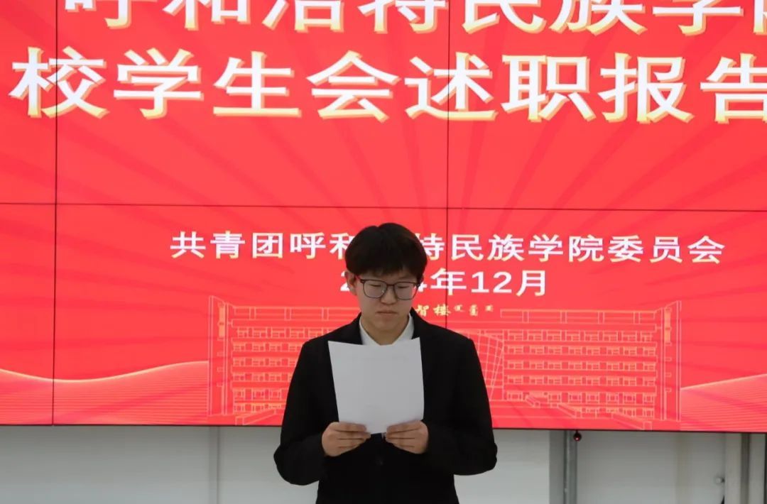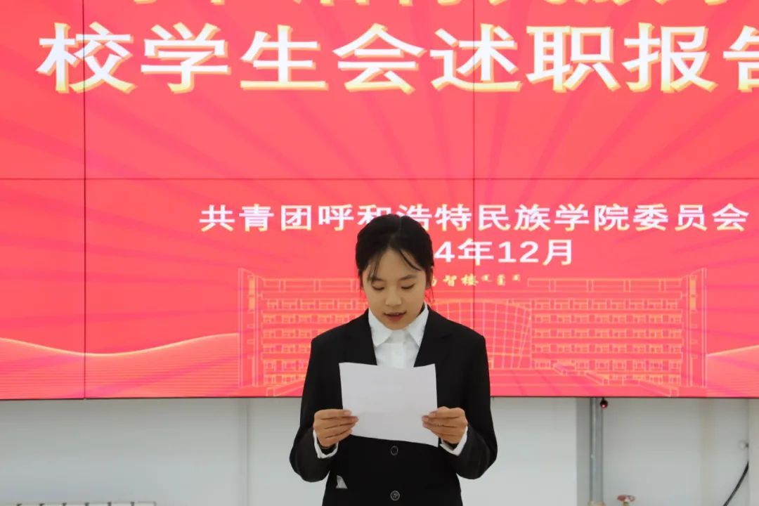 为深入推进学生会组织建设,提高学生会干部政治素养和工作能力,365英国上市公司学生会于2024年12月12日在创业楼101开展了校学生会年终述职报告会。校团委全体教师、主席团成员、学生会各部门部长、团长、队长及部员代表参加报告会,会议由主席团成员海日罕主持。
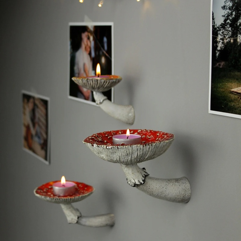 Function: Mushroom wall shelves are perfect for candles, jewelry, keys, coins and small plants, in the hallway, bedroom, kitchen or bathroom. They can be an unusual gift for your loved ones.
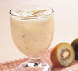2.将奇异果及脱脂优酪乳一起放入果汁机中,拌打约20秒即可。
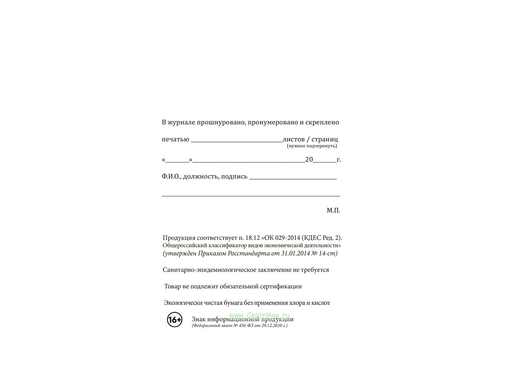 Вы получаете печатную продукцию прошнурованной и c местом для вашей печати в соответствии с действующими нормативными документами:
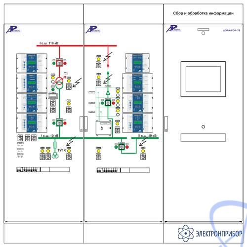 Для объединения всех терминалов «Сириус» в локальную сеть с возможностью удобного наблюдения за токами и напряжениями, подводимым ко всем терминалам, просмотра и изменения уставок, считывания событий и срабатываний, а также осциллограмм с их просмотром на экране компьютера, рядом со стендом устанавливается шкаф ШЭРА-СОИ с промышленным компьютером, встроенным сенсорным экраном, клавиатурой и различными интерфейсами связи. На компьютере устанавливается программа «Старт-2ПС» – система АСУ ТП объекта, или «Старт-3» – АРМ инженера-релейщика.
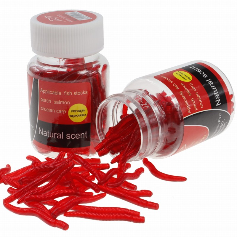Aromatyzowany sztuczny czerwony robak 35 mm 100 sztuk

The task =>
Could you copy the lines above exactly and skip the images?

Answer space =>
 为深入推进学生会组织建设,提高学生会干部政治素养和工作能力,365英国上市公司学生会于2024年12月12日在创业楼101开展了校学生会年终述职报告会。校团委全体教师、主席团成员、学生会各部门部长、团长、队长及部员代表参加报告会,会议由主席团成员海日罕主持。
 Function: Mushroom wall shelves are perfect for candles, jewelry, keys, coins and small plants, in the hallway, bedroom, kitchen or bathroom. They can be an unusual gift for your loved ones.
2.将奇异果及脱脂优酪乳一起放入果汁机中,拌打约20秒即可。
 Вы получаете печатную продукцию прошнурованной и c местом для вашей печати в соответствии с действующими нормативными документами:
 Для объединения всех терминалов «Сириус» в локальную сеть с возможностью удобного наблюдения за токами и напряжениями, подводимым ко всем терминалам, просмотра и изменения уставок, считывания событий и срабатываний, а также осциллограмм с их просмотром на экране компьютера, рядом со стендом устанавливается шкаф ШЭРА-СОИ с промышленным компьютером, встроенным сенсорным экраном, клавиатурой и различными интерфейсами связи. На компьютере устанавливается программа «Старт-2ПС» – система АСУ ТП объекта, или «Старт-3» – АРМ инженера-релейщика.
Aromatyzowany sztuczny czerwony robak 35 mm 100 sztuk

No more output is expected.